Sacudió la cabeza el hombre y se mordió los labios, como si experimentase a la vez un aumento de impaciencia y el deseo de moderarla.

-¿Dices que no es mi nombre Giuliano? -pronunció suavizando su acento-. ¡Bien! ¿Cuál es, pues, el nombre que escuchaste?

-No le oí -respondió ella-, porque hiciste un gesto por el cual comprendió el otro que yo estaba cerca, y la prisa que se dio en llamarte Giuliano me hizo conocer que habías ahogado en sus labios el nombre verdadero que iba a proferir.

-¿Y es el nombre lo que ama en mí la sobrina de Rotoli? -dijo con agitación Giuliano.

-No por cierto; pero te amé con un nombre humilde: te amé pescador y pobre, y temo que tu posición en el mundo sea distinta de la que aparentabas.

-¡Mi posición en el mundo!, ¿y qué te importa?, ¿qué tienes que ver con ella?

-¿Qué me importa? ¡Pues qué!, ¿no me juraste hace cuatro días, al sacarme de la morada de mi tío, que serías mi legítimo esposo?
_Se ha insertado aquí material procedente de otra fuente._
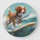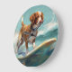 Relógio Grande Pintura de surfe na praia de Brittany Spaniel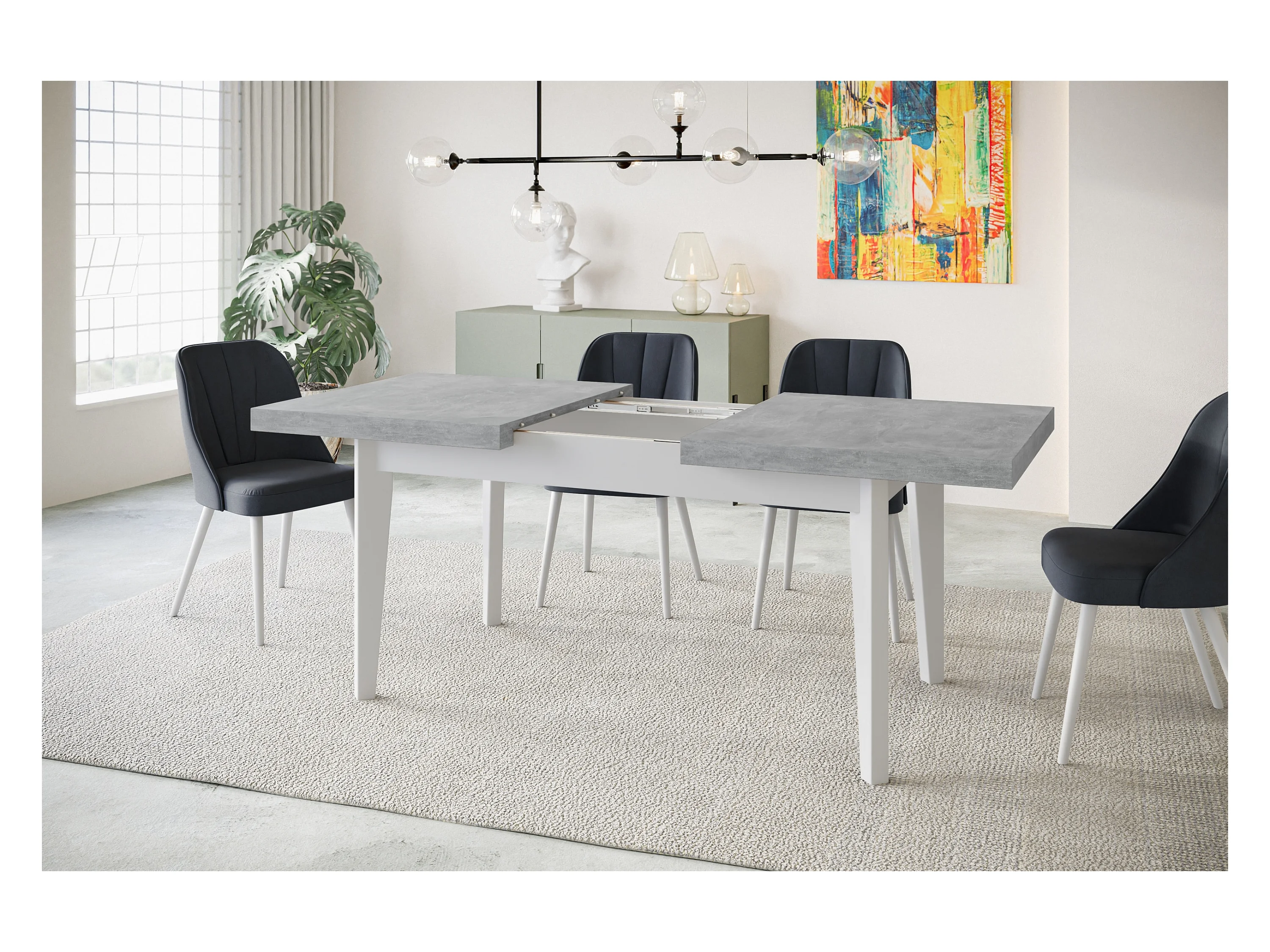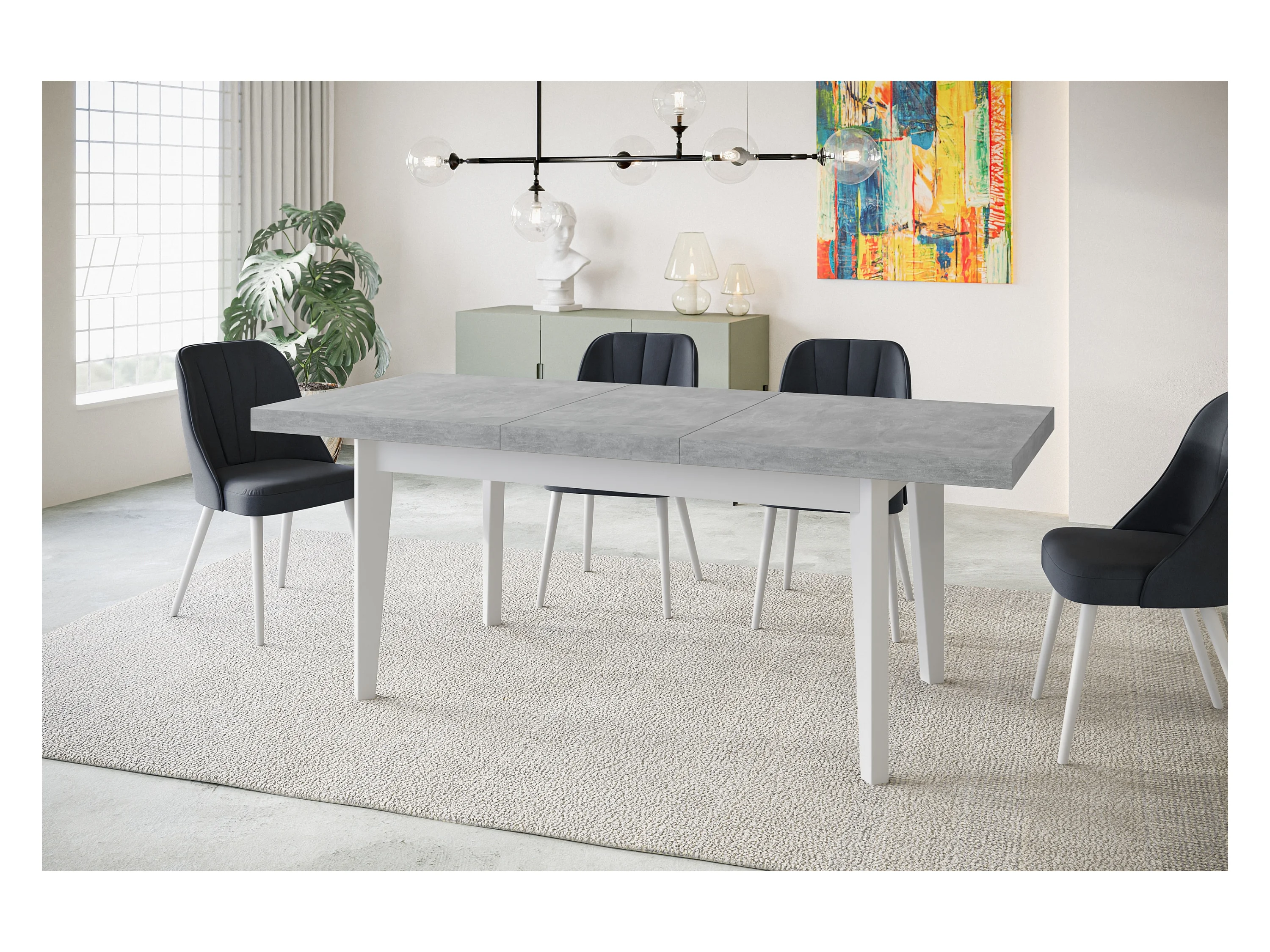 Table de salle à manger rectangulaire SKANDI, table à rallonges, dimensions: 120-160X80X78 cm, couleur: ATELIER, avec pieds en bois de couleur blanche

Y si eres un rico caballero, ¿querrás unirte a una pobre doncella desvalida, sin bienes, sin nobleza... sin nada, Giuliano?, ¿ni aun una madre que la acoja en su seno cuando tú la deseches del tuyo?

Al terminar estas palabras prorrumpió en amarguísimo llanto, y conmovido su amante, la ciñó con sus brazos y la dijo:

-Escucha, Anunziata: sea el más poderoso monarca del orbe, o el más despreciable mendigo, soy tuyo para siempre. Pronto iremos a una ciudad en la cual podré recibir tus promesas al pie del altar, y desde este momento yo te juro por ti, a quien adoro sobre todas las cosas, que tu voluntad solamente tendrá el poder de separarnos.

La joven le miraba sin pestañear con sus grandes ojos húmedos todavía, reteniendo sus sollozos para no perder una sílaba de aquellas palabras halagüeñas que llegaron todas a su corazón.

-No mientes ahora -dijo-, no se acompañan con ese acento y esa mirada las mentiras que Dios aborrece. ¡Esposo mío!, yo te creo y te amo.

Continuaron su marcha: ella no volvió a llorar; su rostro agradable y expresivo brillaba de amor y de esperanza, y los más tiernos nombres salían de sus labios purpurinos y frescos, que parecían brindar un dulce beso, pero él no se apresuraba a acercar los suyos. Había perdido súbitamente su alegría; su rostro estaba sombrío, sus palabras eran breves e inconexas.

Notolo al fin la doncella, y dijo:

-Esposo mío, ¿estás enojado con tu Anunziata?

Sonrió con tristeza Giuliano, y sólo respondió con una caricia.

-¿Quieres que te hable de los primeros días de nuestro cariño, Giuliano? Escucha: era una noche hermosa como ésta; yo cantaba en mi ventana y vi la gentil figura de un hombre al frente de mi casa. Tenía un ferreruelo azul: ¡éste!, pero en vez de esta gorra de paño llevaba un gran sombrero que casi le cubría la cara. Su talle era noble, sus ojos brillaban en la oscuridad como dos luceros: ¡he aquí aquel talle! (y le ceñía con sus brazos), ¡he aquí aquellos ojos! (y los besaba).

-Sí -respondió Giuliano-, entonces oí por la primera vez tu voz, más grata a mi oído que el murmullo del agua al viajero sediento. No había visto tu rostro, pero le adivinaba, y desde aquella noche te amé, Anunziata.

-¡Cuán dulces eran los largos coloquios que teníamos en la ribera! Y cuando la presencia de Rotoli me impedía acudir a la cita, ¡cuánto te agradecía que fueses a colocarte al frente de mi habitación y tirases conchitas a mis ventanas! ¿Te acuerdas cómo enseñé a Rotolini a que te llevase mis cartas en la boca? El pobre animal te conocía mejor que yo misma, y a veces me advertía tu llegada con aullidos, que hacían rabiar a mi tío. También recuerdo cuando tuviste celos del coronel Dainville porque le veías entrar en mi casa.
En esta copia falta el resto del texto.